If I pull latest and then run this line, everything trains fine.
pip install torch==1.7.0+cu110 torchvision==0.8.1+cu110 torchaudio===0.7.0 -f https://download.pytorch.org/whl/torch_stable.html
I guess for now I'll simply reset the image FROM tag to 20.10, which I think was working well.
Or wait, I just had a great idea! I think if I start from a different base image, such as pytorch/pytorch:latest, then this seems to point to the last stable release, and perhaps eliminates maintenance also as the tag never changes. I will try an experiment and see if it works.
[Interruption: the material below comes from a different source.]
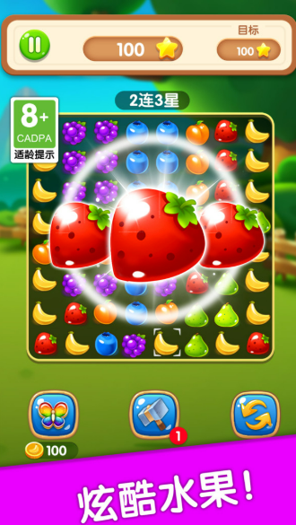《果蔬消消乐》是连接三个及以上同种类果蔬方块,直线、斜线排列均可消除,消除一组即可获得积分,果蔬造型逼真、颜色和谐,视觉体验极佳,关卡设计独特,优化关卡目标,新增像素画拼图、宝石收集等特色玩法,避免单调,看着新鲜果蔬消一消,连心情都跟着变得清爽起来。
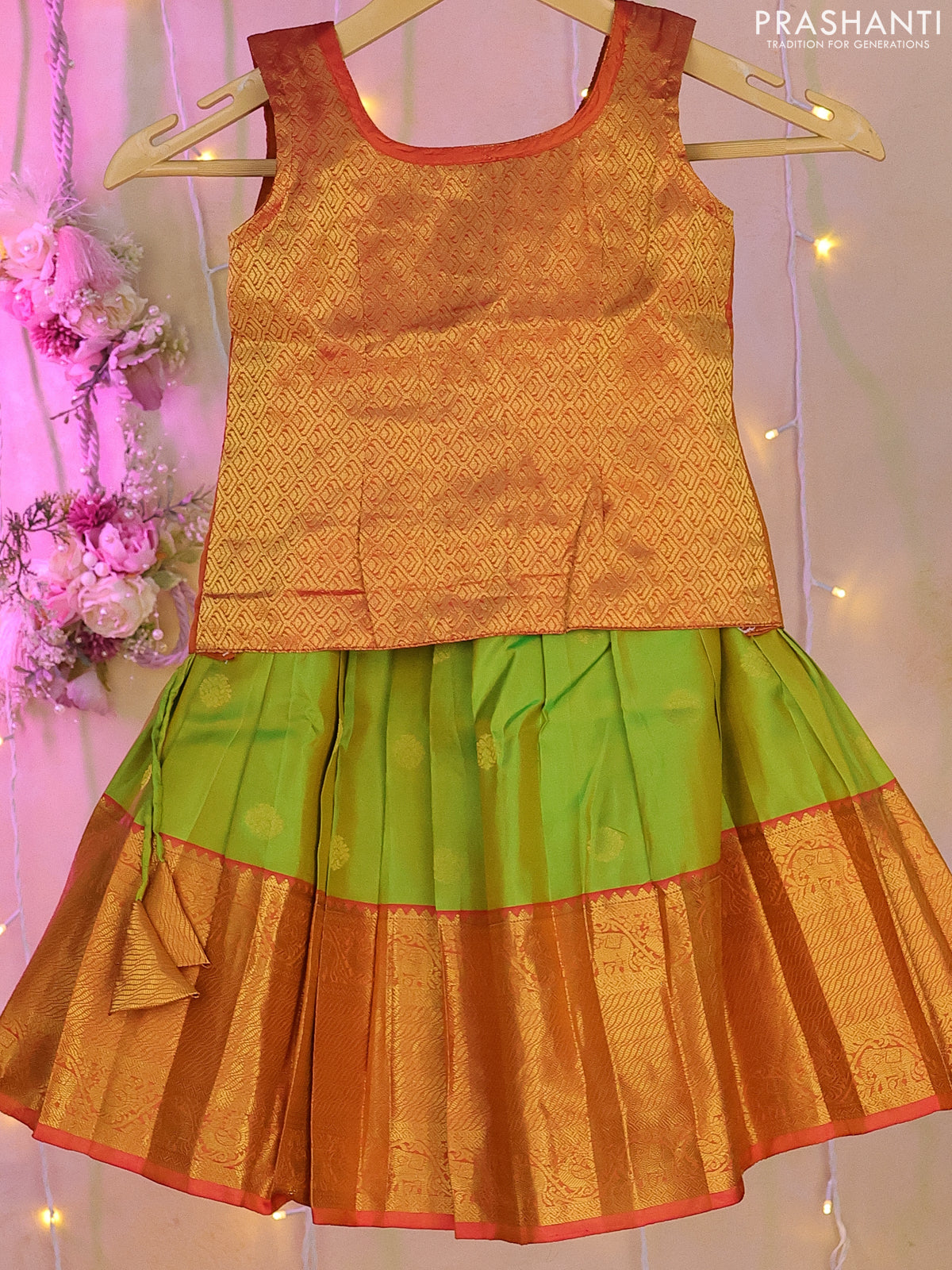 Silk kids lehenga dual shade of mustard and light green with zari woven brocade weaves and zari buttas & zari border for 1-2 years

FROM nvcr.io/nvidia/pytorch:20.11-py3
FROM pytorch/pytorch:latest
I tried to create a pytorch:latest image here with this Dockerfile, but the image lacks some dependencies like cv2, which are causing problems on pip install, so I gave up on it. The Dockerfile is here in case anyone can debug this. In the meantime I think a rollback to 20.10 will fix this, I'll get that done.
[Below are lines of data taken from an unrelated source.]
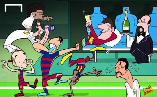 Sau khi Neymar ghi bàn nâng tỷ số lên 2-0 ở phút 39 thì tất cả đã hiểu mọi thứ đã chấm hết với Real Madrid. Cái cách siêu sao người Brazil ghi bàn thật ấn tượng, anh di chuyển thông minh để phá bẫy việt vị, sau đó nhận bóng, dẫn bóng và dứt điểm tinh tế qua tay thủ môn đối phương, cho thấy sự tập trung cao độ và tự tin tối đa của cầu thủ Barca ở trận đấu này. Sau bàn thua ấy, Real Madrid gần như sụp đổ hoàn toàn, Santiago Bernabeu, pháo đài kiên cố lâu nay, điểm tựa tinh thần của đội bóng hoàng gia đã bị đánh sập.
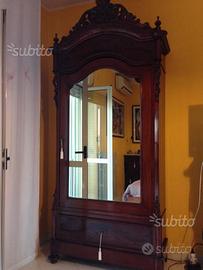 Vendo camera da letto completa fine 800', composta da armadio con cassettone con una sola anta, como' con cassettoni con specchio e marmo, coppia di comodini con relativo marmo.
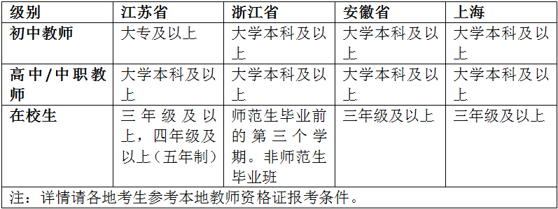 申请参加中小学教师资格考试的人员,应符合教育部《中小学教师资格考试暂行办法》规定的基本条件,并具备如下学历条件:
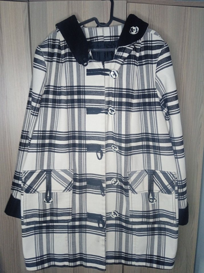 Düğmeli, çıtçıtlı, uzun kollu, ekoseli, gri ve beyaz renklerde, rahat kesim midi uzunluğunda kadın kabanı. Sokak stili için uygundur.
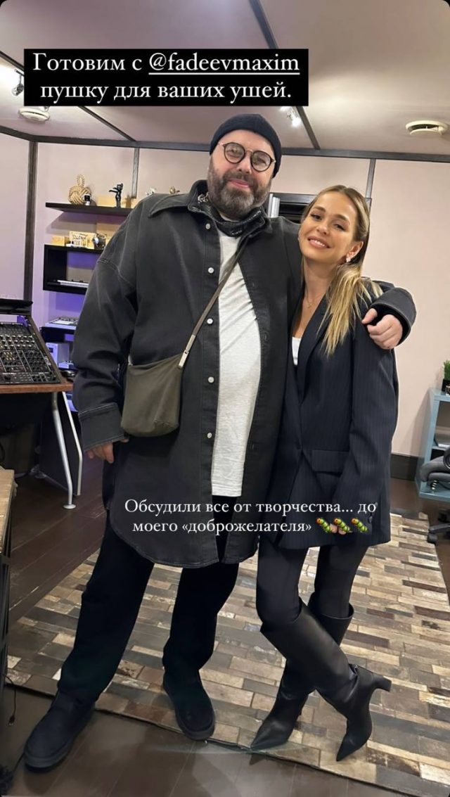 Анна Хилькевич намекнула на предстоящий выпуск своего первого трека. Она поделилась фото в Stories в запрещенной социальной сети с композитором Максимом Фадеевым, на котором звезды стоят в студии звукозаписи. «Готовим пушку для ваших ушей», — подписала снимок девушка. Надеемся, новые уши нам искать не придется…
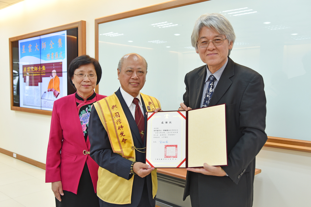 高柏園校長頒贈感謝狀:國際佛光會中華總會北區協會區委員林財盛先生(中)、國際佛光會中華總會新莊第三分會會長劉鐘蓮女士(左)。

docker pull ultralytics/yolov5:pytorch_latest
FROM pytorch/pytorch:latest
# Install dependencies
RUN pip install --upgrade pip
# COPY requirements.txt .
# RUN pip install -r requirements.txt
RUN pip install gsutil
# Create working directory
RUN mkdir -p /usr/src/app
WORKDIR /usr/src/app
# Copy contents
COPY . /usr/src/app
Verified new image works, problem should be resolved now in PR #1553
Thanks glenn! I will wait for image to build from dockerhub and test it!
Regarding pytorch:latest, I think it could be dangerous to use it in DockerFile because if there is some breaking change, you may not know till someone reports it.
Edit: This would mean that this repo will not be able to use later versions of nvidia's package until this bug is fixed somehow..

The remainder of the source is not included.